Former Editor: Colorado J-School Closure First Step Toward Building ‘World-Class Program’

Susan Deans wants the world to know: Journalism is not dead at the University of Colorado.  In a recent guest commentary for The Denver Post, the former editor of Boulder’s Daily Camera wrote that the university is actually moving “closer to the forefront of journalism education” and will soon be “a leader in the field of digital communication.”

As many in the journalism community are aware, the Board of Regents at the University of Colorado-Boulder recently voted to close CU’s School of Journalism & Mass Communication based upon the recommendation of an advisory board that counted Deans as a member.  The vote officially ended a long discontinuance process that has been viewed by some as a harbinger of dark days ahead for journalism education nationwide.

Deans argues the opposite.  As she wrote, “At present, the journalism school is no longer meeting the needs of its students.

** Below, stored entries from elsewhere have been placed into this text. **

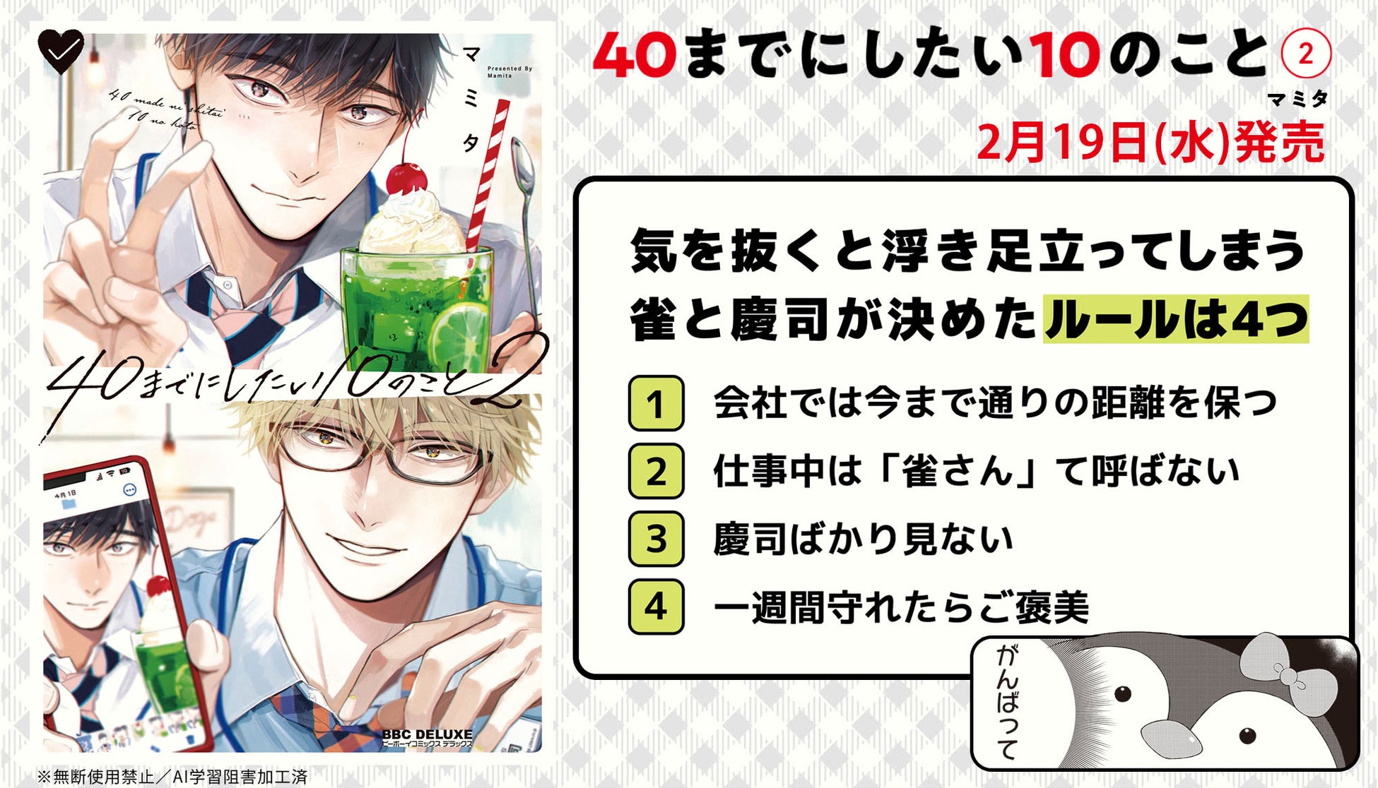 アワード席巻!【大ヒットリーマンBL】最新刊「40までにしたい10のこと②」(著:マミタ) 本日発売!!
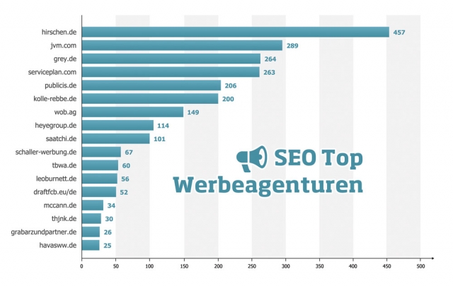 Die SEO Visibility visualisiert den Trend und den historischen Verlauf einer Domain in Suchmaschinen. Der errechnete Wert ist ein wichtiger Index dafür, wie häufig die Eingabe in den Suchergebnissen gesehen wird. Im Ranking der größten Werbe- und Kreativagenturen in Deutschland kann keine einzige Agentur mit einem guten Ergebnis glänzen: Hirschen führt die Liste an und kommt auf insgesamt 457 Index-Punkte. Mit mageren 289 Punkten kratzt Jung von Matt zwar an der Dreihundert, bleibt aber weit hinter einer Bestmarke zurück. Auf dem dritten Platz folgt Grey (264 Punkte), mit nur einem Punkt Abstand zu Serviceplan (263). Das Schlusslicht bilden die Websites von Grabarz & Partner und der Havas-Gruppe mit nur 26 und 25 Index-Punkten.
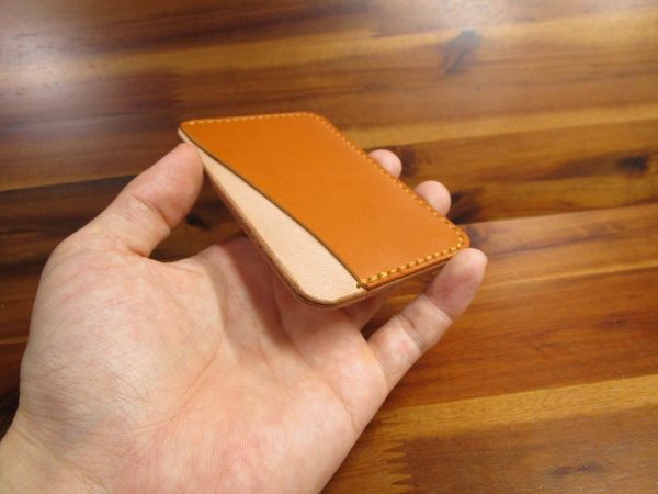 素仕上げのタンニンレザーでメインパーツの厚みが2mm、しっかりした仕上がりです。
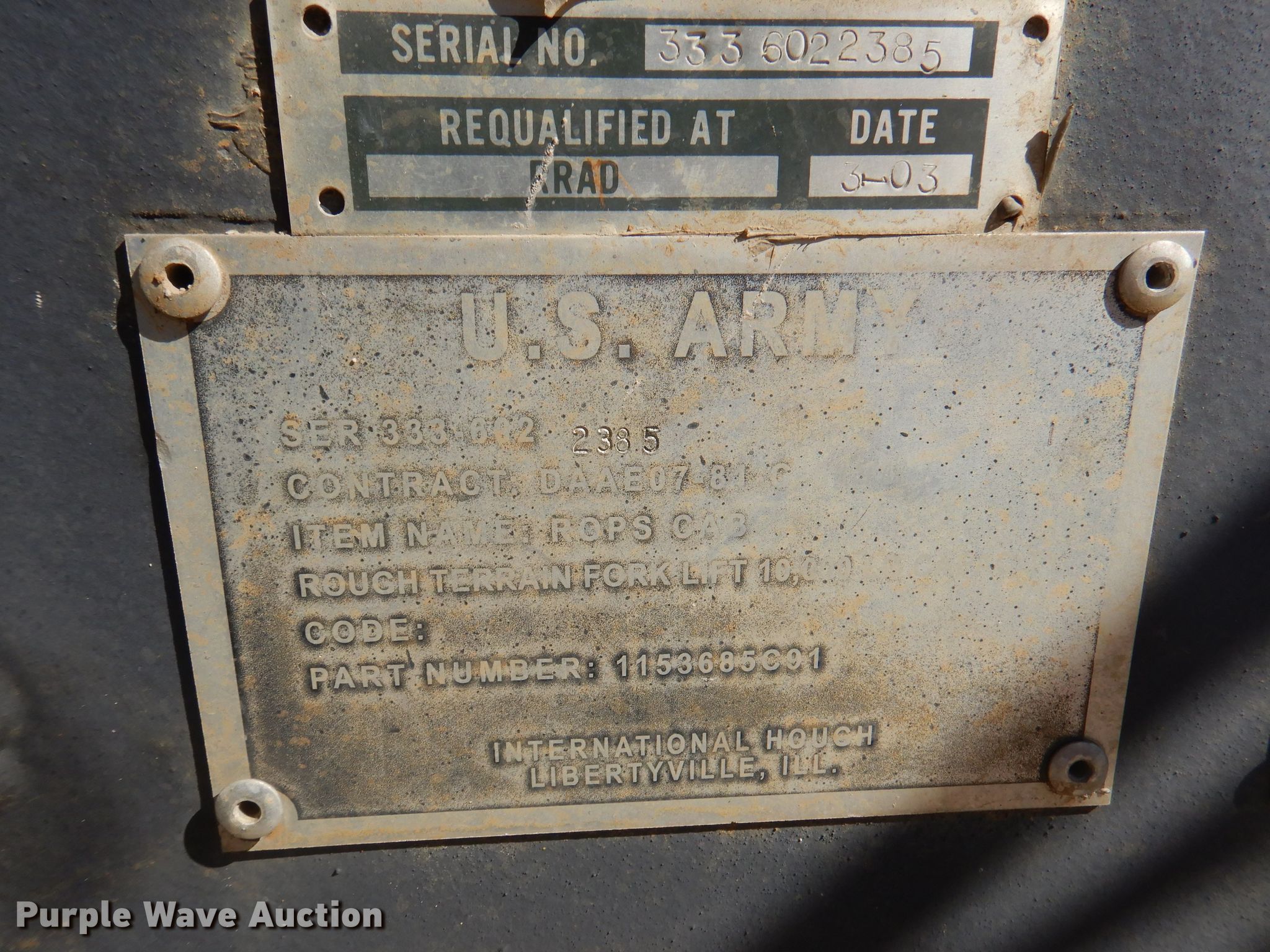 International M10A wheel loader. Hours: 551 on meter, Serial: 3336022385. Engine Cylinders: 6, Fuel type: Diesel. Transmission Powershift. Operators station Enclosed cab, Bucket controls: Two-lever. Operational Quick coupler: Manual, Counter weights, Forks Length: 72". Tires Size: 20.5-25. Washington County. 2615 S Brink Dr. Fayetteville, AR 72701

It is still teaching news journalism pretty much as it did 20 or 30 years ago, when most graduates went to work for newspapers and a few for TV stations. . . . The advisory board supported closure only because we believe it was a necessary step toward reconstructing a world-class journalism program on the CU campus.”

My take: I am a firm believer in the brush fire mentality as it pertains to journalism’s current state– the notion that the flames burning down some traditional portions of the field will enable new innovative portions to rise from their ashes.  In this sense, the words Deans spouts such as leader, forefront, and world-class (not to mention digital) to describe the dreams of Journalism 2.0 at CU are obviously welcome.

My problem is that they are still only dreams.  The school has been shuttered without a true detailed plan in place for what happens next.  Yes, the administration has been offering reassurances that it intends to keep its “three most important resources intact– our budget, our student body and our faculty/staff.”  But what will they be doing exactly?  What will they be teaching and learning?  How will they specifically be integrated into existing programs?

The brush fire is a neat analogy.  But it requires more than burning down.

Comments
One Response to “Former Editor: Colorado J-School Closure First Step Toward Building ‘World-Class Program’”
  1. Shannon says:

    Well well, I hope this wasn’t an arbitrary move that brings some regret to the legislators of the college. I was researching this school, actually considering attending it sometime in the near future.